# How does out of home streaming work technically-what security implications are there?



## Puppy76 (Oct 7, 2004)

I've never used it as I'm...well, I'm concerned about my TiVo's security even when that's NOT enabled, but I don't know how the out of home streaming works. Is it punching a hole through your firewall? Are there any security implications?


----------



## PCurry57 (Feb 27, 2012)

Puppy76 said:


> I've never used it as I'm...well, I'm concerned about my TiVo's security even when that's NOT enabled, but I don't know how the out of home streaming works. Is it punching a hole through your firewall? Are there any security implications?

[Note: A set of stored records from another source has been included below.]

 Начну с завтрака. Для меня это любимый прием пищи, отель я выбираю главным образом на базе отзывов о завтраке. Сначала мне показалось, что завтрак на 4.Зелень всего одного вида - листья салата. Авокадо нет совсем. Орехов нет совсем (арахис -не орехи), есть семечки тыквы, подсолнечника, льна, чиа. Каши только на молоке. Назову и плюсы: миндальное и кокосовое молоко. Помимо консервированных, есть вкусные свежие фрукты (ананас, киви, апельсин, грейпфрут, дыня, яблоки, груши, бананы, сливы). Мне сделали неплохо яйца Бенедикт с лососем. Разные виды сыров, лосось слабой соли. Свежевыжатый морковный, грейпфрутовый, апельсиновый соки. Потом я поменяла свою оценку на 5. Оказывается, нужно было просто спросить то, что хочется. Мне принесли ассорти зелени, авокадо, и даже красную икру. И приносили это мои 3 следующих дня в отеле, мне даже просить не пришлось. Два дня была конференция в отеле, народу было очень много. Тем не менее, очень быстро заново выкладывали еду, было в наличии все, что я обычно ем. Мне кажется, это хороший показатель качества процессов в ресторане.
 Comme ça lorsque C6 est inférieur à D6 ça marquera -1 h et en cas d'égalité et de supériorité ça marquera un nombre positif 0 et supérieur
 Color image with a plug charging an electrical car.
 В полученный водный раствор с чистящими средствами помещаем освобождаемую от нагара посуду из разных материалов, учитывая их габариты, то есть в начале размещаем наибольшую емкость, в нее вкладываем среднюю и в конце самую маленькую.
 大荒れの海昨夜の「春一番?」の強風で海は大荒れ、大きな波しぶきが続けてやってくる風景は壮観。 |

Non copy-protected content can be downloaded to device memory (not external/ memory card). Only one device at a time may stream or download OOH (out of home) at a time. Bolt devices can download or stream to two devices on home network, stand alone and Roamio stream devices can download or stream to 4 devices (one OOH) at any one time.

Sent from my SM-G955U using Tapatalk


----------



## powrcow (Sep 27, 2010)

I'm sure someone else can speak to exactly what services ports are enabled in the TiVo. I'm guessing you're concerned because you are allowing outside access to *something* inside your network.

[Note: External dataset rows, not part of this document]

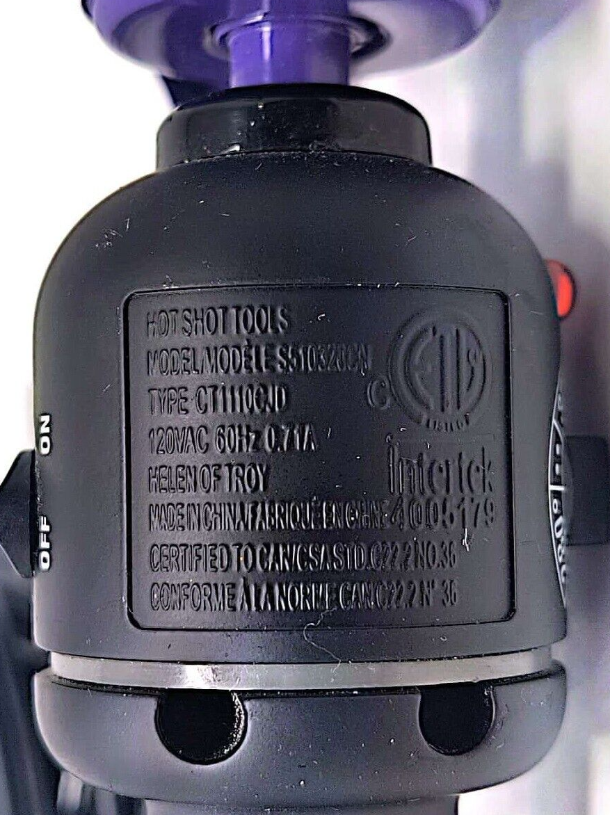 Achieve salon-quality curls with the Hot Shot Tools 1 1/4" Salon Curling Iron. Featuring a titanium barrel for even heat distribution, this curling iron heats up to 450F, ensuring smooth, frizz-free curls. Its adjustable heat settings, cool tip, and swivel cord make styling easy and efficient. Compact and travel-friendly, this purple beauty tool is a must-have for effortless styling. Tested and working, it has some wear and scratches. Perfect for on-the-go touch-ups. Ship to USA and Canada, and international rates available upon request. Get yours today and transform your hair routine!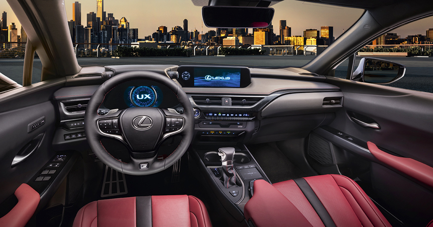 Оснащён Lexus UX так, как и полагается премиальному автомобилю из Японии: полностью светодиодная оптика, виртуальная «приборка», передние кресла с электрорегулировками, обогревом и вентиляцией, мультимедийная система с большим тачскрином и широким функционалом, климат-контроль, фирменный набор электронных систем безопасности и много чего ещё.
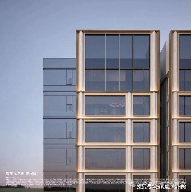 建建立面,从入口处的月光米黄石材景墙,南向立面的圆弧形柱状布局材料为仿石铝板和仿铜铝板!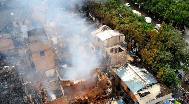 福州民房突發大火 近180名消防官兵投入滅火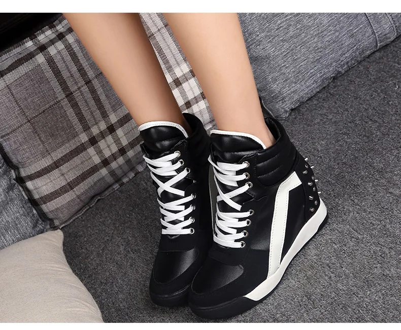 Женские кроссовки с заклепками, черные или белые кроссовки на скрытой танкетке, повседневные теннисные туфли, обувь для тренировок, 2021

Your TiVo makes a connection through your (I'm guessing) NAT-enabled router or firewall to TiVo's servers. It "punches a hole" through a NAT similar to how your PC "punches a hole" when it accesses a web page. When you use the Android/iPhone app to access your TiVo, the app accesses TiVo's servers. Commands and status to/from the TiVo and your app are relayed through TiVo's servers. I believe even the video streams are proxy'd through TiVo's servers.

From a security standpoint, what's the worst that could happen? Someone could access TiVo's remote servers and use the existing tunnel to your TiVo to get inside your network. Is that likely? Probably not. Everything with network connectivity will touch an Internet server and *could* bring back some payload with an exploit in it.

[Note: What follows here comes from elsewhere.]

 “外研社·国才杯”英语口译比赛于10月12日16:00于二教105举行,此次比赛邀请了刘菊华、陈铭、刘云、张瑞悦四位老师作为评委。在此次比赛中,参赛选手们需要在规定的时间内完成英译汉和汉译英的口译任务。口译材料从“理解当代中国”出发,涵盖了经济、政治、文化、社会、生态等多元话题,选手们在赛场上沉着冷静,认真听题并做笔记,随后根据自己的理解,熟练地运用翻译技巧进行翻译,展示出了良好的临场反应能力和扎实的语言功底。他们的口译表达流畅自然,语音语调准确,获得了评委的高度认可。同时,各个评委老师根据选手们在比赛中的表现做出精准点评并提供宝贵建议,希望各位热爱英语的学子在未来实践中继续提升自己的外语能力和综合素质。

How insecure is the TiVo? I would put it about as insecure as allowing friends to join your WiFi network. You don't know what electronic baggage their devices bring with them so those devices should exist in some DMZ/walled-off area of your network.


----------



## Puppy76 (Oct 7, 2004)

<<<When you use the Android/iPhone app to access your TiVo, the app accesses TiVo's servers. Commands and status to/from the TiVo and your app are relayed through TiVo's servers. I believe even the video streams are proxy'd through TiVo's servers.>>>

That's what I was hoping...that basically the TiVo is only connecting to TiVo (or of course Netflix, or whatever), and I've been assuming/hoping that's the case, which is more or less secure. Like I connect to it outside my home, it's really connecting to TiVo's servers, which are then connecting to the TiVo.

I'm just not clear on how it works when checking that box to allow streaming outside the home, if that's opening another avenue of attack, how that's getting sent on to my device, so I've left it off for now.


----------